Chef Hiroyuki “Zama” Tanaka started his 20 year sushi career by washing knives at a restaurant in the Kanagawa prefecture just outside of Tokyo. After working his way up the ranks and becoming a sushi chef he immigrated to the states where he served in the kitchens of Morimoto, Pod and Genji. This is a background you would be hard pressed to find in a city filled with Korean and Chinese run sushi restaurants. And honestly, when it comes down to it, just like we like our suits to be Italian and electronics to be Apple, we like the idea of an actual chef from Japan being behind a sushi restaurant. There's a certain level of authenticity and inherit quality that we associate with who's making our stuff, whether warented or not.
So here we are at Zama, will the chefs background make a difference?

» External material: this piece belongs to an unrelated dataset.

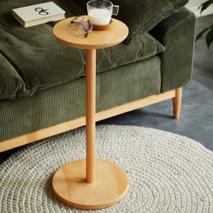 Round Wood End Table, Minimalist Pedestal Drink Stand for Sofa & Living Room - Natural 13.8"L x 13.8"W x 35.4"H
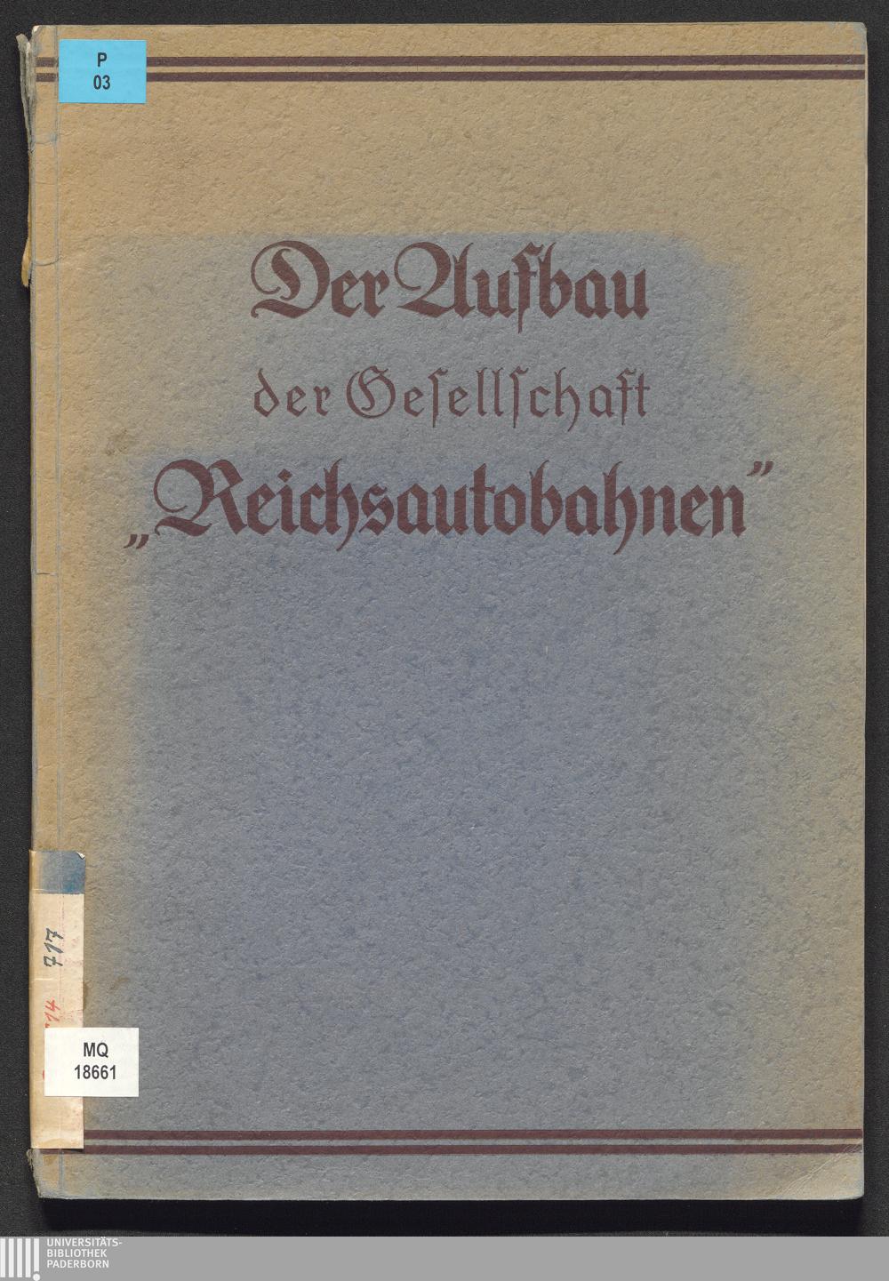 Der Aufbau der Gesellschaft Reichsautobahnen / bearb. von Franz Volk

The dichromatic decor is modern, clean and impressive. Wood slates cover the walls and line the booths. On the back ceiling there is this beautifully stylized Koi pond made out of dotted lights. Quite a contrast to what this space looked like when it used to be Loie.
1) Kurabuta Pork Dumplings - $8.00
Decided on doing something a little different from the usual edamame starter and went with the gyoza. The topping of ginger and chives gave these a nice bite but there wasn't anything particularly amazing about these dumplings otherwise . They were fried pretty hard, which I wasn't a fan of, but the pork stuffing was decent [6/10]
2) Maki Combination - $16.00
Seriously, whats with this freaking plate? It looks like a hub cap and an ugly one at that. Plastic and turquoise and giant, it seemed out of place against the wood and black colors that fill the restaurant.
Luckily for this dish, this is not Iron Chef, and I don't give 15 points for plating so how were the rolls? I would say both in size and quality they were excellent. I really enjoyed the bite and crunch the jalapenos added in the yellowtail jalapeno mango maki. [8/10]
3) Sushi and Sashimi Combination - $24.00
And the underwhelming moment of the day goes to this dish. The dull, lifeless appearance of the nigiri is not the fault of my iPhone's camera struggling with low light conditions. This really looked like this...They say we eat with our eyes first and what my eyes were eating at this moment was sushi sadness. Luckily, once in my mouth, they weren't as lifeless as I expected but still, this didn't make me feel good about paying $24 for this either. [6/10]
4) Asahi Select - $6.00 / Sapporo Light - $6.00
I really do enjoy the light, crisp, clean tastes of Japanese beer. Always goes great with sushi.
Overall LTE score [7/10] I have a hard time scoring these higher end restaurants. On one hand, the food is good and probably deserving of at least some of the premium you pay but on the other hand you're spending a fortune and you expect to be blown away for it. Did I enjoy my meal? Yes. Would I ever eat here regularly? Not unless I were able to find a way to have an illegitimate child with Arnold Schwarzenegger. But at the end of the day, I feel like I generally take cost into account less and judge on how much I enjoyed my meal. In the case of Zama, I left feeling like I had a good meal and the space I ate it in was beautiful. Was the pedigree of having an accomplished Japanese chef running the kitchen worth the cost? I didn't find that to be the case with this lunch.